A dissertation coaching client said that she stopped watching TV and picked up her writing pace in order to meet a deadline.  Now that she has met the deadline, she worries that she will be sucked into watching all of the TV shows that she recorded during her heavy-duty period of writing.

Do you record TV shows?  It’s just too easy, isn’t it?  I doubt that I’ll ever catch up on all of the International House Hunter shows that I seem to record every day. Occasionally I wonder how on earth all of the shows pile up, foolishly forgetting that I clicked on “record series.” And there must be at least 3 International House Hunter shows a day!

My client also worries that not only will she binge on watching all of the TV recordings waiting for her, but from experience she knows of the torpor that will hit her once she starts watching the hours of  TV.  It will be hard to get back into her writing routine.
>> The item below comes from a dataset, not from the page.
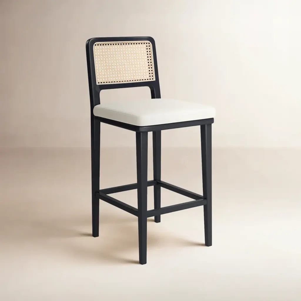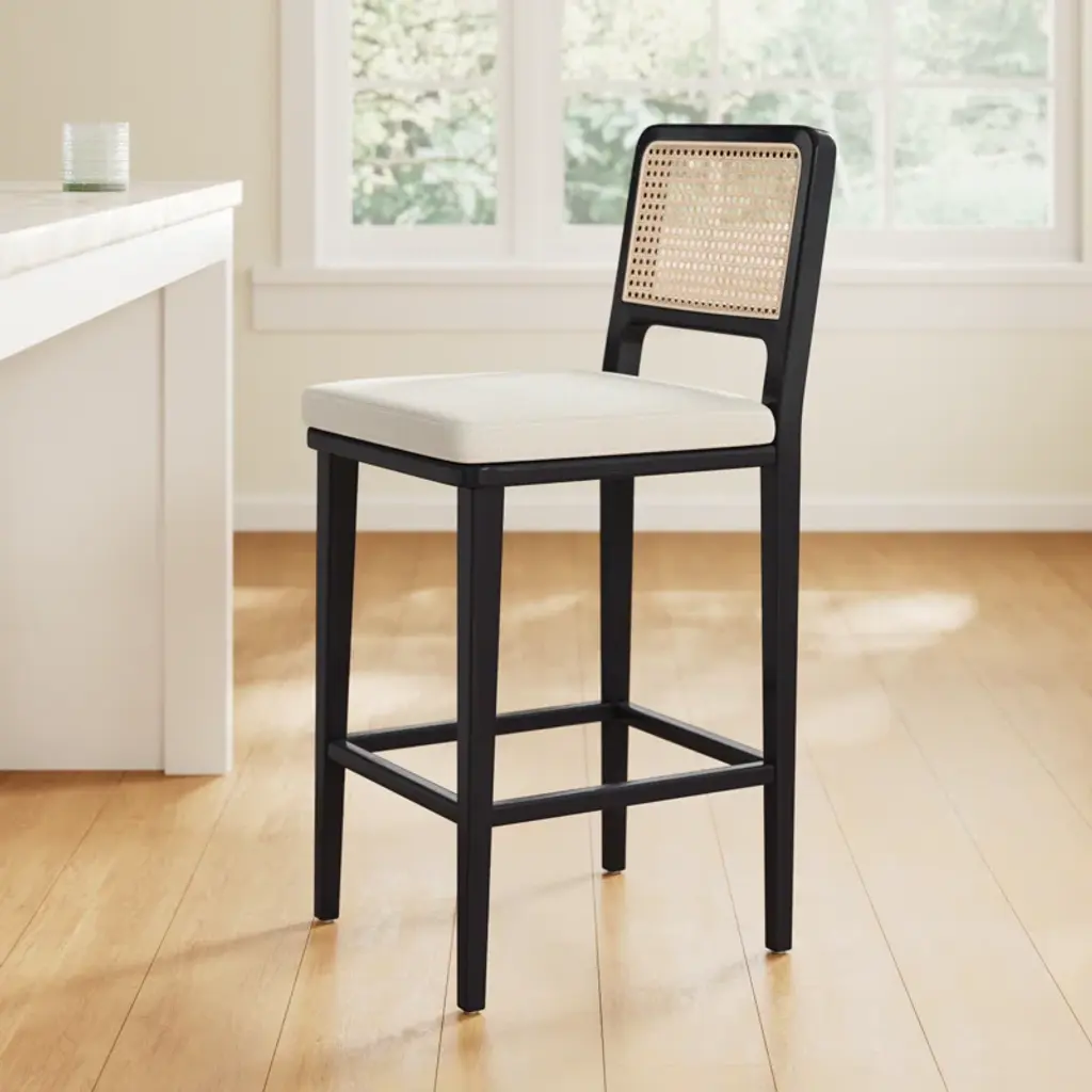 Modern materials refresh a mid-century look with solid ebony brushed beechwood frames and a textural inlay of natural cane with linen-like performance seating performance fabrics are specially created to withstand spills stains high traffic and wear ensuring long-term comfort and unmatched durability

Digital stress strikes again!

Recently I stayed in a small town at an absent relative’s house (no I wasn’t a home invader–it was by invitation!).  This was a house with no TV and no internet access.  I was looking forward to seeing how the absence of TV and lack of email would affect me.

It was a little eerie, but good.  Many clients say that it’s hard for them to get into flow while writing and sometimes they find it hard to jump into a long book that is required reading for their topic.  Experience tells me that if you remove yourself from the easy temptation of  TV and the internet, flow will be much easier to accomplish than you might imagine.

With no TV and internet, I moved quickly into a reading and writing routine.   I gave no energy to avoiding writing and no energy to avoiding TV. And I wasn’t recording TV shows for later.  It was a win-win-win.

Often, clients who have a day job say that one change they are making in their lives as dissertation writers is to leave their blackberries at work.  I feel the same way about checking office email at home.  Too often employers expect the unreasonable–that is, that you are online, plugged in, no matter what time of day, no matter where you are.

If you can leave the blackberry and the office email at the office, cut way back on what you are recording on TV, and limit when you will check home email to an absolute minimum, you may be surprised how easily you, too, can move into flow. 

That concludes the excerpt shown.